* Activity *
After locating the line with "Gluon Radiation (single" in the entries below, output it and each following line up to and including the line with "图为志愿军第39军第116师第348团9连4班副班长赵顺山使用过的十字镐。(中央纪委国家监委网站 段相宇 摄)", exactly and without pictures.

* Supplied records *
——————

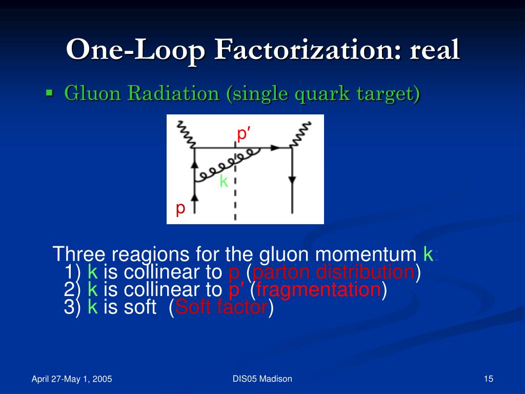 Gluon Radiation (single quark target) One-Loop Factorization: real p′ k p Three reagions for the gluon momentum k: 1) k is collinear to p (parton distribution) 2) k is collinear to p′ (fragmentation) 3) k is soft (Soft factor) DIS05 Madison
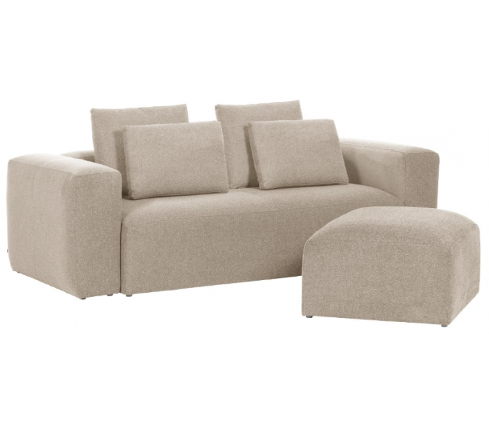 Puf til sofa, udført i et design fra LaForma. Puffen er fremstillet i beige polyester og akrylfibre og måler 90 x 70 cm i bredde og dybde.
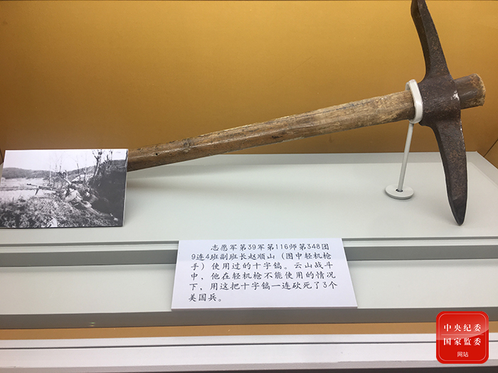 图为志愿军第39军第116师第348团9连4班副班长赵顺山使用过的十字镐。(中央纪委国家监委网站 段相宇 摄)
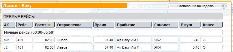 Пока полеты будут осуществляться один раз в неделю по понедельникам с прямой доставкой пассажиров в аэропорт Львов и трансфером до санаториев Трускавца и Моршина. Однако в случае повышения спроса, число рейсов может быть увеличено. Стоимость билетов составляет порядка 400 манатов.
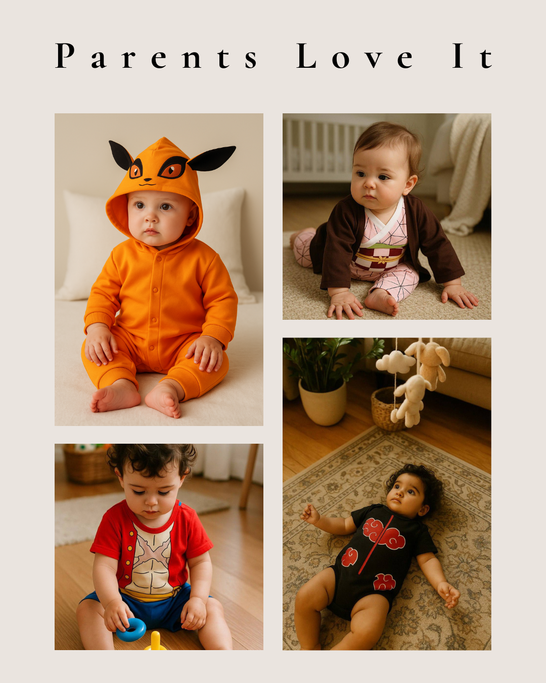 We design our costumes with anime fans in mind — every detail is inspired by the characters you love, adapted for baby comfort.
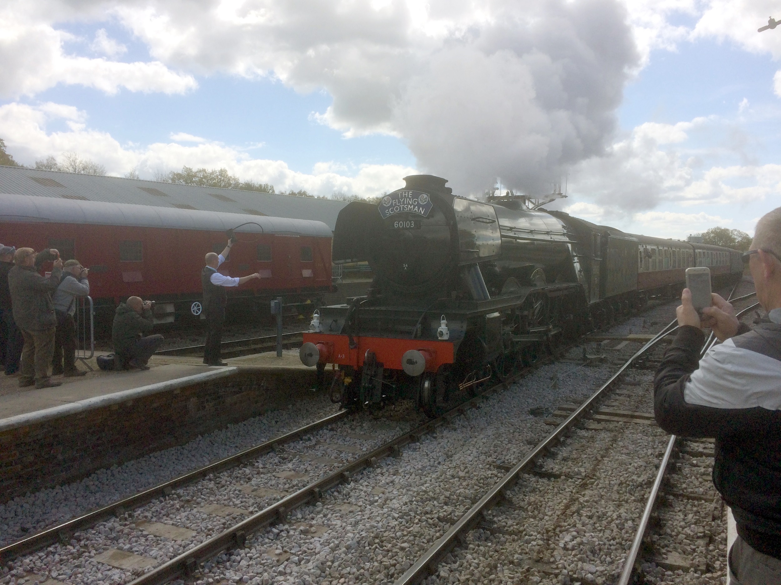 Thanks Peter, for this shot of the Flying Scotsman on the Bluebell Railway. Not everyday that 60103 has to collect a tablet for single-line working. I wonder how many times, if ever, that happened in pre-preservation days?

——————

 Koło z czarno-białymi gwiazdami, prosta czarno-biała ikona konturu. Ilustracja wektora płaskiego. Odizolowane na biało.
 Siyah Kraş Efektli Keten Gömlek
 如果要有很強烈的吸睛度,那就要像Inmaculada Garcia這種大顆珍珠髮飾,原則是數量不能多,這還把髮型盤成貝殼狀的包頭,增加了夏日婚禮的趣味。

——————

* The completed task *
 Gluon Radiation (single quark target) One-Loop Factorization: real p′ k p Three reagions for the gluon momentum k: 1) k is collinear to p (parton distribution) 2) k is collinear to p′ (fragmentation) 3) k is soft (Soft factor) DIS05 Madison
 Puf til sofa, udført i et design fra LaForma. Puffen er fremstillet i beige polyester og akrylfibre og måler 90 x 70 cm i bredde og dybde.
 图为志愿军第39军第116师第348团9连4班副班长赵顺山使用过的十字镐。(中央纪委国家监委网站 段相宇 摄)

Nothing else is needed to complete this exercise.